Your objective: Begin with the opening line of the records and extract each line through the one holding "White with Silver"; pictures are not part of the copy.

Records from a dataset
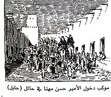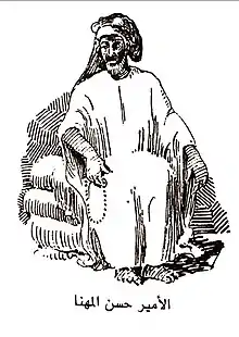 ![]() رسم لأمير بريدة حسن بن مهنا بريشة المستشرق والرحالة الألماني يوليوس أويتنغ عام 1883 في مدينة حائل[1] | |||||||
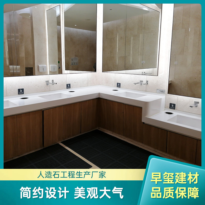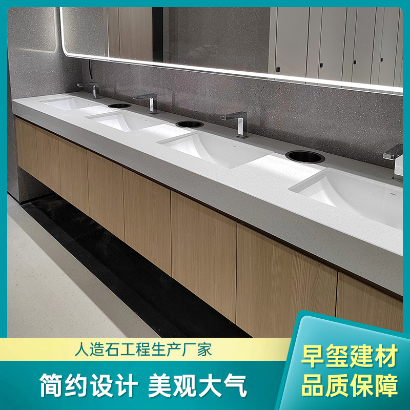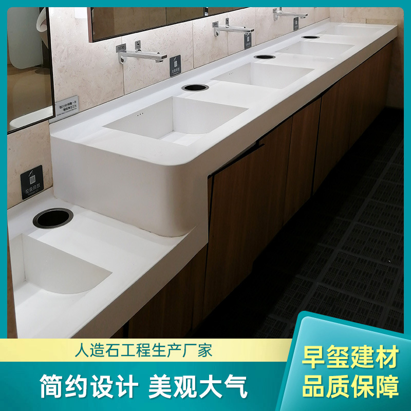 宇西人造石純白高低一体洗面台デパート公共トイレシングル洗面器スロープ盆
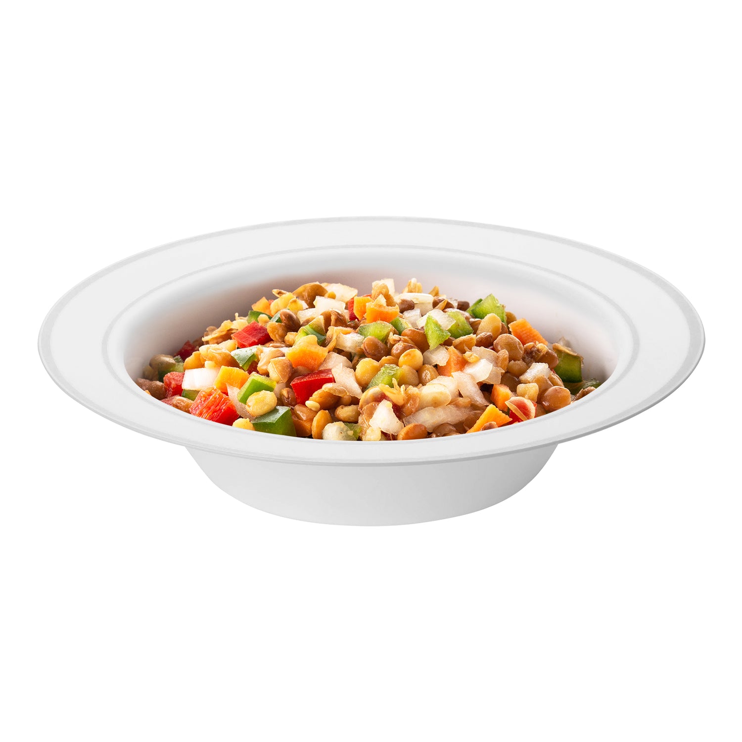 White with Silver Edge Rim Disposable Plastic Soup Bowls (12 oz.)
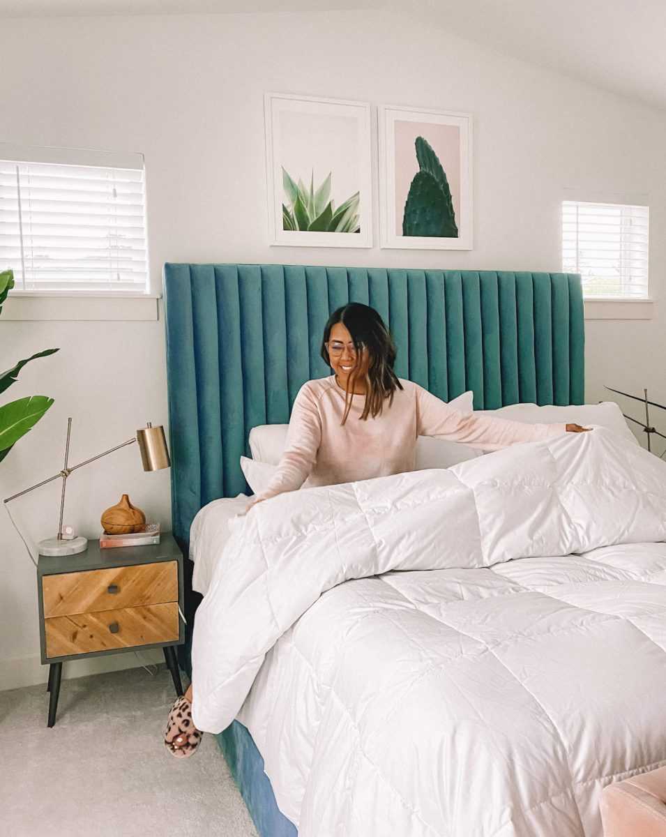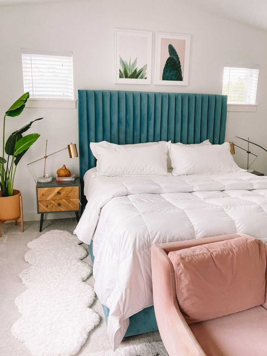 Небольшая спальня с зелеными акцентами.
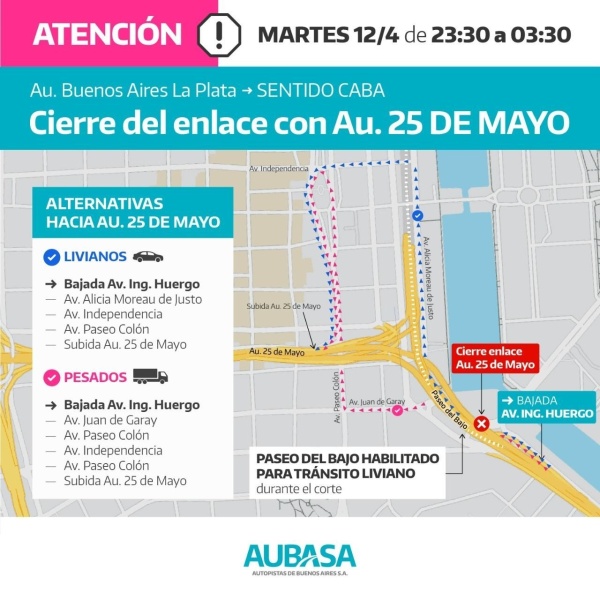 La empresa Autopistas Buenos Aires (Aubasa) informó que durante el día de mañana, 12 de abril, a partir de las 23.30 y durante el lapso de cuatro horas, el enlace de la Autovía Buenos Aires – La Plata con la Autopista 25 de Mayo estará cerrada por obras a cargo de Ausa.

Output below:
 ![]() رسم لأمير بريدة حسن بن مهنا بريشة المستشرق والرحالة الألماني يوليوس أويتنغ عام 1883 في مدينة حائل[1] | |||||||
 宇西人造石純白高低一体洗面台デパート公共トイレシングル洗面器スロープ盆
 White with Silver Edge Rim Disposable Plastic Soup Bowls (12 oz.)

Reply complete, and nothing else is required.